Warhol attended the Carnegie Institute of Technology in Pittsburgh. He began his career as a fashion illustrator, specializing first in shoes, then in other images; his work always seemed to have a provocative bent. The images were slick, quick and easy to read. They didn’t require much thought, and they could be produced in mass quantities, consumed and thrown over for new images.
Warhol is most often associated with his images of Coke bottles, Brillo pad cartons and contemporary American celebrities. He created endless rows of these images through a silk-screening technique, and later massed produced them in lithographs.
Warhol viewed the world as a mechanical, repetitive place where fame comes from recognition and the ability to inspire the sensational. As a Pop artist, he used his work as a sort of social commentary to express his view of life. Warhol said many times that the only real statement an artist can make is repetition to the point of boredom, since this is the way the public perceives images, remembers them, and becomes inured to them.

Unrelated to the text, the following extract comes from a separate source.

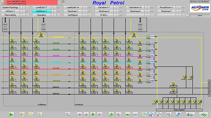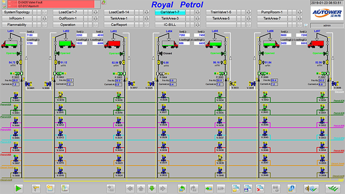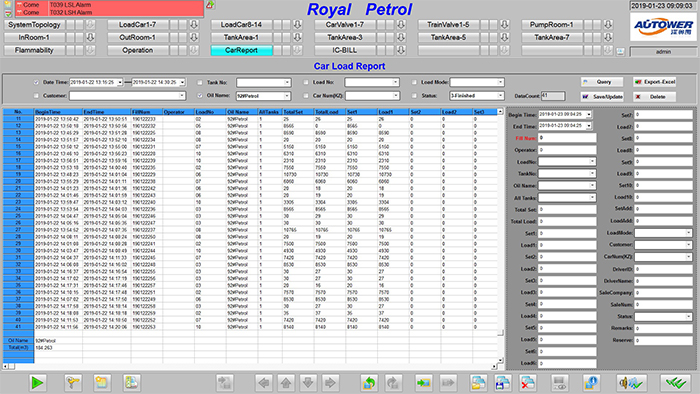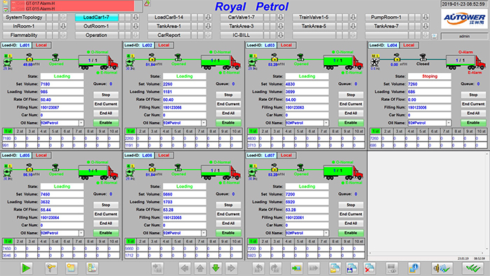 實時計算和顯示庫區(qū)油品存貨:用棒圖和數(shù)據(jù)表顯示所有有品的即時存量和空容量,體積、質(zhì)量。物料存儲狀況的直觀圖形顯示,并通過不同的顏色反映現(xiàn)場生產(chǎn)動態(tài),設(shè)備工作狀態(tài)等。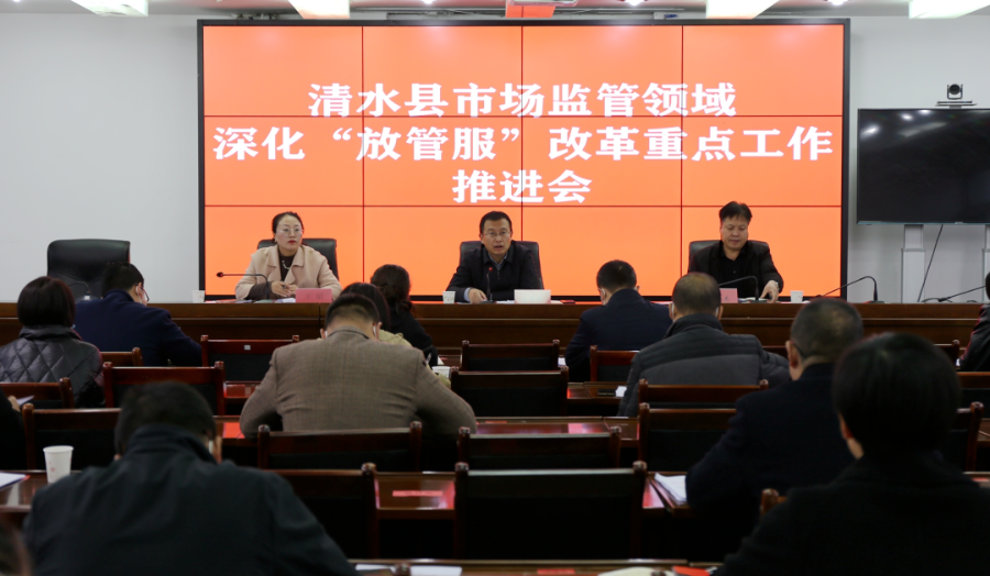 10月14日,清水县召开市场监管领域深化“放管服”改革重点工作推进会。副县长金学民出席会议并讲话,县直有关部门分管领导参加会议。

Like the disposable society he represented, Warhol’s works, at first glance, do not require much thought. As if to emphasize the ambivalence between emotional and visual responses to his work, Warhol said that “his image is a statement of the symbols of the harsh, impersonal products and harsh materialistic objects on which America is built. It a projection of everything that can be bought and sold, the practical but impermanent symbols that sustain us”.
Warhol is considered one of the most influential artists of the 20th century. His work and ideas both reflect and helped shape American mass media and popular culture.